The posts will be signed as from "Daedalus" or from "Uranus", therefore, differenciation will be easily noticed.

Friday, November 28, 2014

"God only knows why I don't just retreat instead of riding the rails"

December is just around the corner, upcoming Winter and Summer divide the two hemispheres.

My life feels like a constant climax that never seems to reach its conclusion, the scene never ends and the closer I get to my goals the farther they seem to be. Every step I climb turns the next ten steps visible.

And then I have been stumbling upon my own careless distraction and starting to believe the universe is against me all of a sudden. Isn't it amazing how far we can get once we run as fast as we can while blinded by our own obsessions?

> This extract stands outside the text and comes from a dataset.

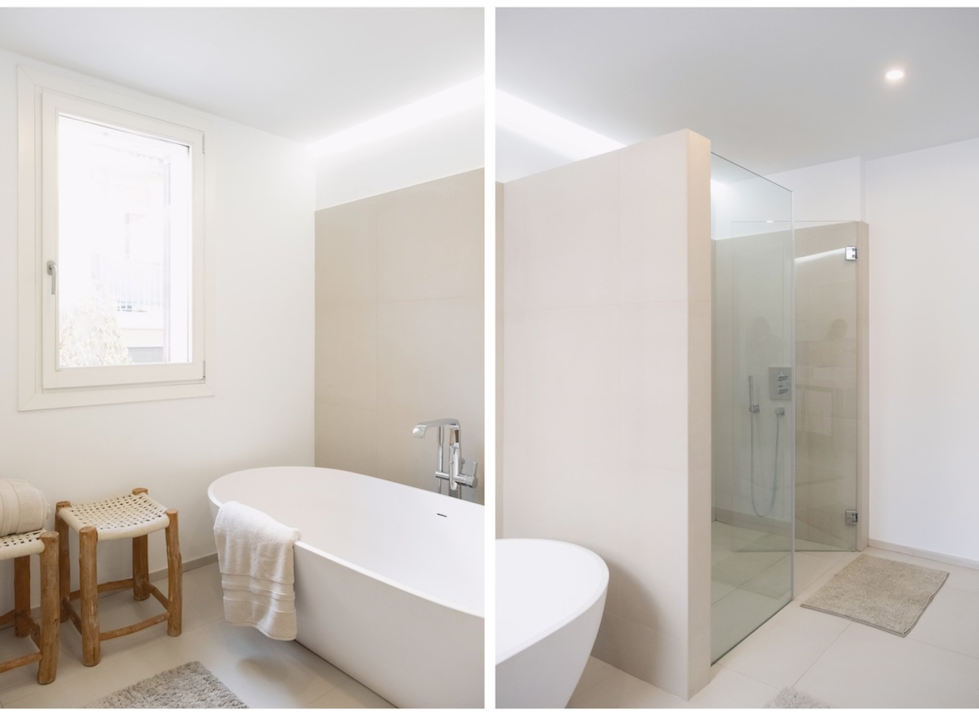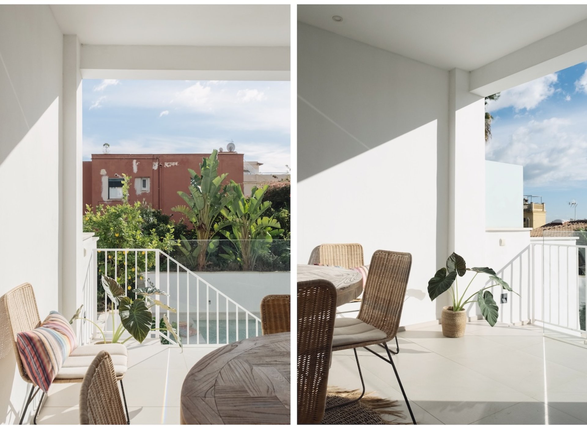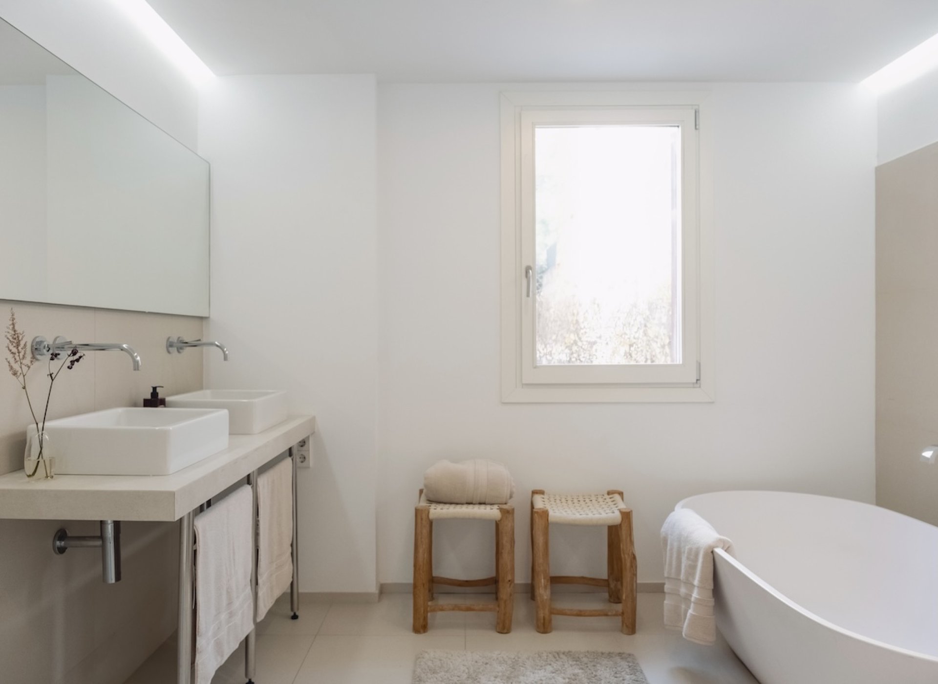 The upper floor offers two bedrooms — two generous doubles with direct access to a private terrace with beautiful sea views. You will also find a full bathroom on this level with a big shower and a bath.

I feel like a Indian godly creature with a dozen arms all trying to make ends meet. If everything is truly meaningless, how can such meaninglessness feel so overwhelmingly heavy a weight?

Can it be possibly true that with my smile alone I can get through all this? The lack of Sun added to questioning my own raison d'être leads me to scratching my brain raw, how come? How come I cannot just sit still and watch life flows by like I am watching a river stream?

I wish I could slow down or actually stop the stream, yet it only runs ever faster, I am scared. I don't want time to pass me by so quickly, I don't want it all to flash before my eyes and escape like sand coming down the hole of an hourglass.

I pray for deliverance from my own stupidity and self-loathing perfectionism.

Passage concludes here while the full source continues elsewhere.